A symbol is most potent when it becomes personified. According to Kabbalah, a living figure or character in a previous generation (or age) may become, at a later stage in history, a psychological or physical condition whose ramifications affect all of mankind. Let us begin with the wolf.

The Wolf

In addition to the wolf symbolizing the Egyptian exile, as in the Talmudic passage quoted above, the evil "wolf" (ze'ev) of the Bible is personified as the name of the second of the two ministers of Midian killed in the war that Gideon fought against Midian, as recorded in the book of Judges. The name of the first minister was "raven" (orev). As stated of the wolf, the raven also symbolizes strong sexual impulses.

Etymologically, the word "raven" is related to the word for "ambush" (orev). Thus, in particular, the raven, the first evil force of Midian, represents the ambush of the rapist, while the wolf, the subsequent evil force of Midian, represents the rapist’s assault. The fear of rape includes the fear of both the raven and the wolf.

The initial letters of the two ministers of Midian, Orev and Ze'ev, spell the word for "goat" (eiz) or "bold" (az; both eiz and az are spelled ayin, zayin). The evil goat symbolizes a demon in the Torah. The combined origins of the raven and the wolf is a demonic goat. As explained above, the fear of rape may be generalized to refer to the fear of any compulsory invasion of oneself by something other than oneself. Invasion into the private domain is symbolized by the goat.

The word "bold" alludes to yet another animal. Our sages teach (and so begins the Code of Jewish Law, as will be mentioned below with regard to the lion): "Be as bold as a leopard." The commentaries explain that the difference between the boldness of a leopard and the courage of a lion is that whereas the lion senses his innate physical strength and rule over all creatures of the field, the leopard is audaciously brazen, above and beyond the measure of his physical strength. This is what is meant by boldness (and so in the domestic realm, the goat–more than any other domestic animal–exhibits the property of boldness, after which it is named). So is the rapist bold, while the murderer is strong.

These two ministers, Ze'ev and Orev, served the two kings of Midian, Zevach and Tzalmona. The name Zevach, which means "to slaughter," begins with the two primary letters of Ze'ev(zayin-veit). Rape is a form of "slaughtering," as will be further explained.

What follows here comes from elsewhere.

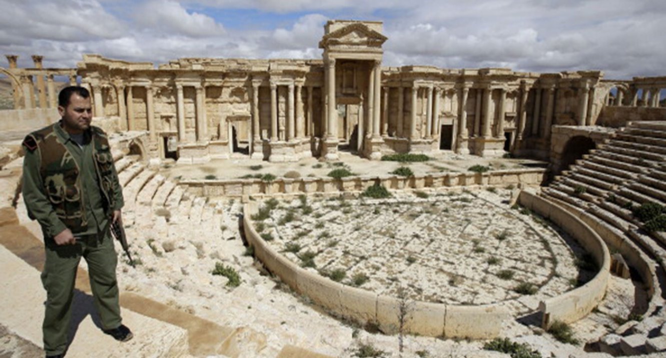 Featured Image: A Syrian policeman patrolling the ancient oasis city of Palmyra. ISIL, also known as “Daesh the Filthy,” reportedly blew these ruins up earlier this year. JOSEPH EID/AFP/Getty Images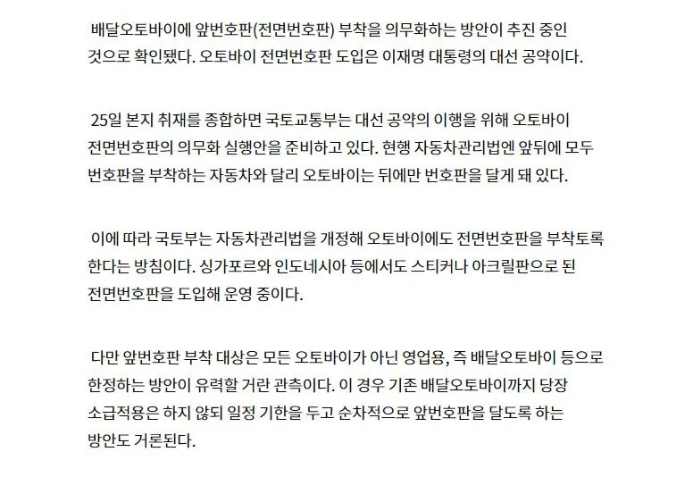 대선공약, 배달 오토바이 앞번호판 부착 의무화 추진 중

Orev serves, in particular, Tzalmona, whose name means "a moving shadow-image"–"the shadows of evening" (we will presently see that the name Orev derives from the root meaning "evening"). Sexual lust as well as the fear of sexual abuse epitomize the psychological state of the unrectified "power of imagination" (personified by Tzalmona and his minister Orev, the moving shadow-image of evening) as explained at length in our book, The Mystery of Marriage.

Gideon and his troops succeeded, with the aid of God, to eradicate (and ultimately rectify) all four of these evil forces.